But I think this is the correct ending case.

I like that you broke this out into its own patch to demonstrate
that this is the key performance boost. It may be good to have
some performance test numbers that demonstrate that patch 2 does
not add any substantial overhead (timing should match previous
code) and in patch 3 this single condition gets us a huge benefit,
though it requires the data tracking of patch 2 to work.

Thanks,
-Stolee


^ permalink raw reply

* Re: [PATCH/RFC 4/6] t6600: add test cases for side-exhaustion edge cases
From: Derrick Stolee @ 2026-06-22 18:15 UTC (permalink / raw)
  To: Elijah Newren via GitGitGadget, git; +Cc: Elijah Newren, Kristofer Karlsson
In-Reply-To: <91372b975fbe102538c05c7d2cdae356539d1bbd.1781951820.git.gitgitgadget@gmail.com>

On 6/20/2026 6:36 AM, Elijah Newren via GitGitGadget wrote:
> From: Elijah Newren <newren@gmail.com>
> 
> Add test cases to t6600-test-reach.sh that exercise edge cases in the
> side-exhaustion optimization for paint_down_to_common():
> 
>  - in_merge_bases_many:self: commit is both A and one of the X inputs
>  - get_merge_bases_many:duplicate-twos: duplicate entries in X list
>  - get_merge_bases_many:pending-stale: STALE transition on an
>    already-painted commit (ps-* diamond topology)
>  - get_merge_bases_many:infinity-both-sides: both tips outside the
>    commit-graph with non-monotonic dates (pi-* topology)
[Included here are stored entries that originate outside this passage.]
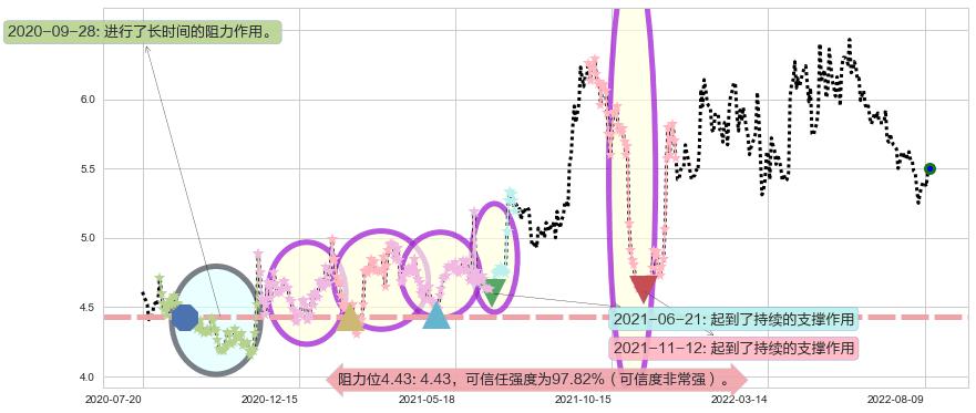 ♘ 支撑价格位4.43,可信任强度97.82%,距离最后交易2022-08-12形成的收盘价格5.50相差 -19.46%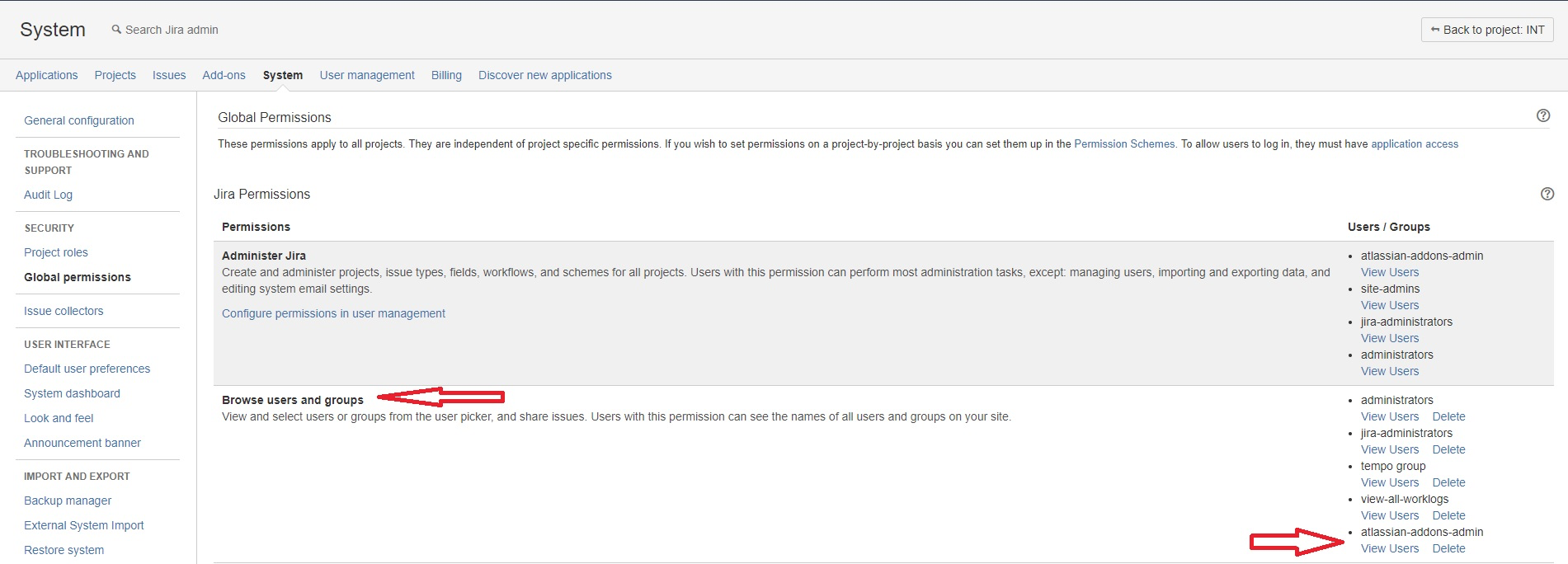 Answer | Verify if the Atlassian Add-On Administrator project role (atlassian-addon-admin) has the Browse Users permission in the JIRA Global Permissions. This permission is essential for the plugin to work properly. ![]() |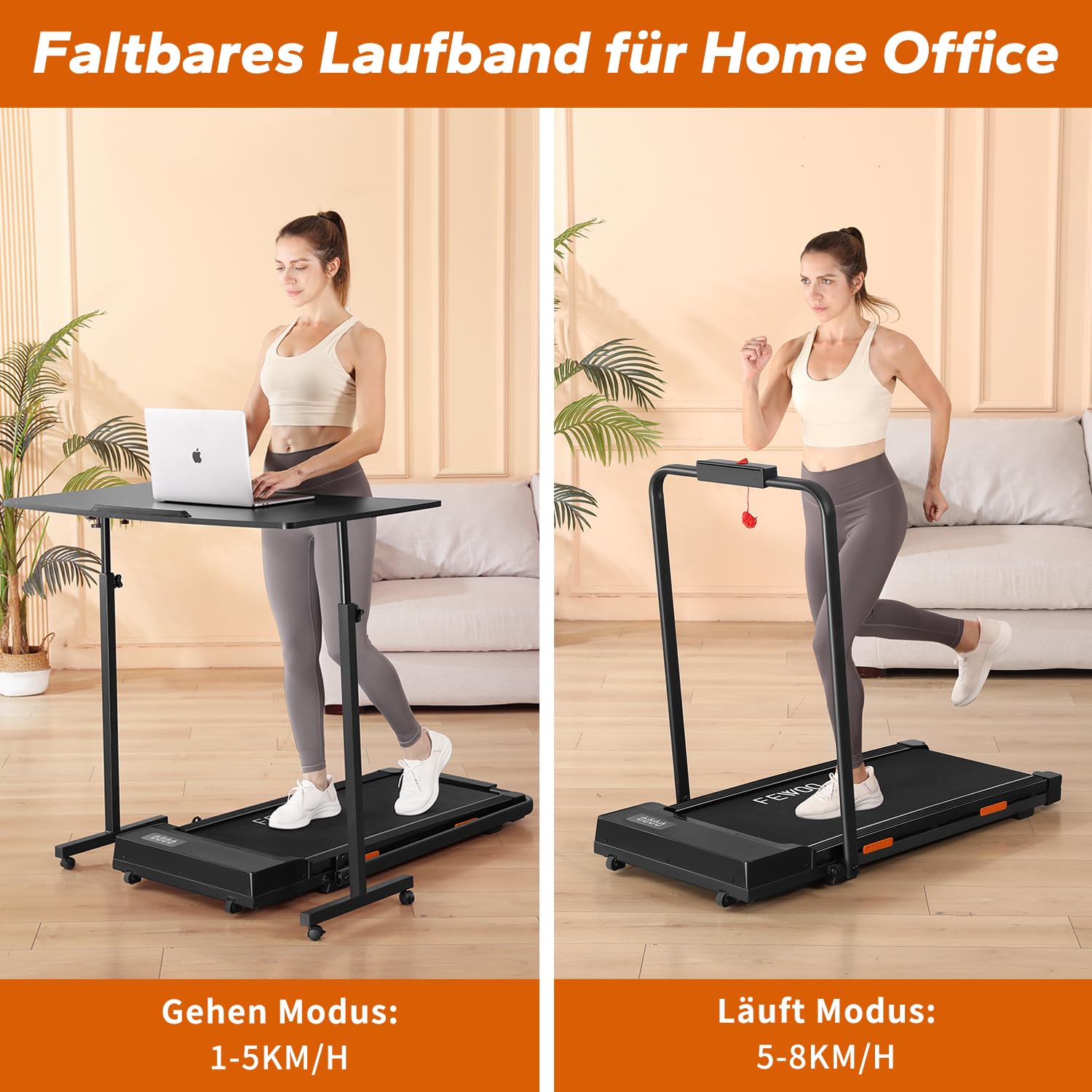 Dieses vielseitige 2-in-1 Laufband von BestGod macht Fitness zu Hause zum Vergnügen! Klappbar und mit Rädern ausgestattet, lässt es sich platzsparend unter dem Sofa verstauen. Der leistungsstarke 2,5PS-Motor erreicht Geschwindigkeiten bis 8km/h und trägt bis zu 150kg. Besonders praktisch: Die verstellbaren Handläufe machen es zum vollwertigen Laufband oder zum platzsparenden Walking Pad unter dem Schreibtisch. Die 5% Steigung simuliert leichte Anstiege und intensiviert dein Training. 6 Stoßdämpfer und ein 5-lagiger Anti-Rutsch-Gürtel schützen deine Gelenke und sorgen für sicheres Training. Die LED-Anzeige zeigt Zeit, Kalorien, Geschwindigkeit und Distanz in Echtzeit an. Mit weniger als 45dB läuft das Laufband superleise - ideal für Wohnungen und Büros. Drei Trainingsmodi: Gehen (1-3km/h), Joggen (3-5km/h), Laufen (6-8km/h). Der perfekte Fitness-Partner für jedes Zuhause!

It's usually my preference to see these tests show up before the
new code arrives, that way we can see that they already work with
the old logic and continue to work with the new logic.

It's minor, but putting them after your code change may be adding
enforcement of a change of behavior.

One thing that could be helpful here is to consider tracing a
count of "commits walked" in the merge-base code, then you could
have these tests demonstrate the performance benefit by checking
for that number changing.

In t6600, that tracing number would not be the same across the
three different data shapes (full graph, half graph, no graph) and
that could be valuable to demonstrate in tests.

Thanks,
-Stolee


^ permalink raw reply

* Re: [PATCH/RFC 5/6] t6099, t6600: add side-exhaustion regression tests
From: Derrick Stolee @ 2026-06-22 18:16 UTC (permalink / raw)
  To: Kristofer Karlsson via GitGitGadget, git
  Cc: Elijah Newren, Kristofer Karlsson
In-Reply-To: <faf5bc98ede79965e23bfe1535127d6f52221680.1781951820.git.gitgitgadget@gmail.com>

On 6/20/2026 6:36 AM, Kristofer Karlsson via GitGitGadget wrote:
> Add t6099 to test the case where multiple merge-base candidates exist
> and one is an ancestor of another. This exercises the side-exhaustion
> optimization in paint_down_to_common together with the
> remove_redundant safety net in get_merge_bases_many_0.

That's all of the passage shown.